The most common fault

But, the most common mistake is to index outside the array. It's a very common mistake we all make. The easiest way to double check this is to split your instruction into two parts and insert an assert statement:

auto index = int(letter) - 'A'; 
assert(index >= 0 && index < (sizeof(t) / sizeof(*t));  
letter = this->t[index];

Where that (sizeof(t) / sizeof(*t)) will just be the size of your array. And you may need to just put the number in if you've allocated the array dynamically, e.g.

auto index = int(letter) - 'A'; 
assert(index >= 0 && index < 26);  
letter = this->t[index];

The null pointer

Probably the next most common problem is that something is a null pointer. Have your debugger stop on the problem line and print the values of all the pointers. In this case t and this. If any of them are null or 0 then there's your problem*.

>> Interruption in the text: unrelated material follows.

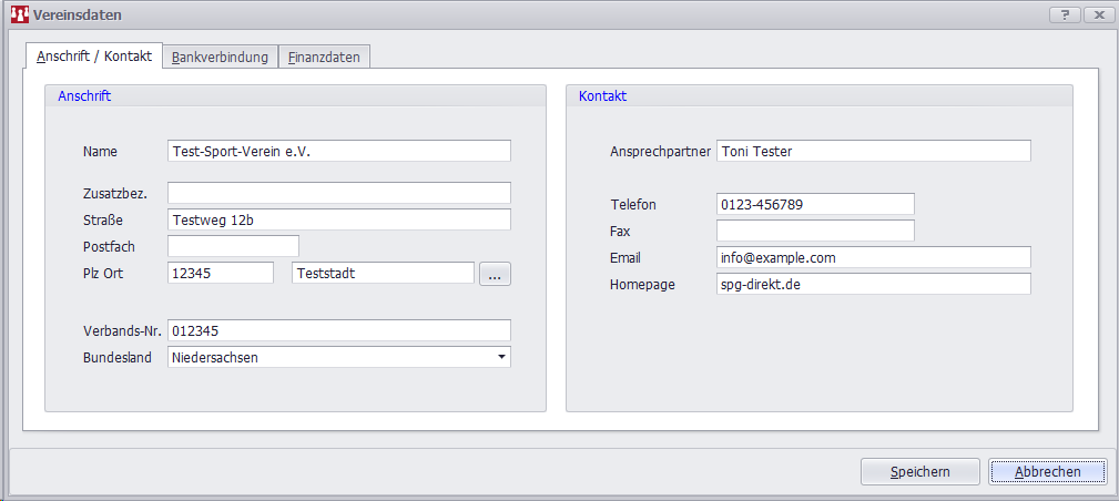 Sie können die Anschrift und die Kontaktdaten des Vereins eingeben.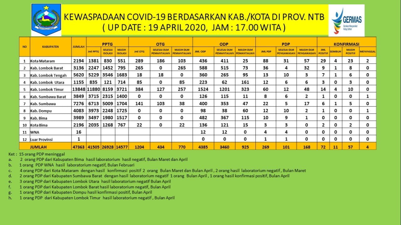 Ketua Pelaksana Harian Gugus Tugas Provinsi Nusa Tenggara Barat Drs. H. Lalu Gita Ariadi, M.Si dalam keterangan persnya, Minggu (19/4/2020), menyebutkan dari 48 sampel, 33 sampel negatif, 4 pasien sampel ulangan positif, dan 11 sampel kasus baru positif Covid-19.

Again it frequently helps to split a complex problem line into multiple statements with an intermediate variable or two.

You can of course insert assert statements to check for null pointers as well. And it's pretty good practice to use them generously in any complicated code. See What is the "assert" function?

Other harder possibilities

It's also perfectly possible that the this pointer, or any other pointer involved was either:

• Valid and now been deleted.
• Uninitialized and contains garbage having never referred to a valid location.

These are more of a pain to debug!

However these errors can largely be avoided by using the unique_ptr and shared_ptr classes in later versions of C++.

Worst case

There's also the very awkward possibility that:

Your pointer was overwritten with garbage as as result of a previous error somewhere else in the software.

Clean and rebuild

And finally, if the error makes no sense, always do a clean and rebuild of the whole project. If you are unlucky or your toolchain doesn't properly understand the dependencies of your project, sometimes the code being generated is just wrong.

(* Actually it is possible in some environments to have an valid object at address zero - and also for a null pointer to not be zero - but they are both obscure edge cases ... When was the NULL macro not 0?)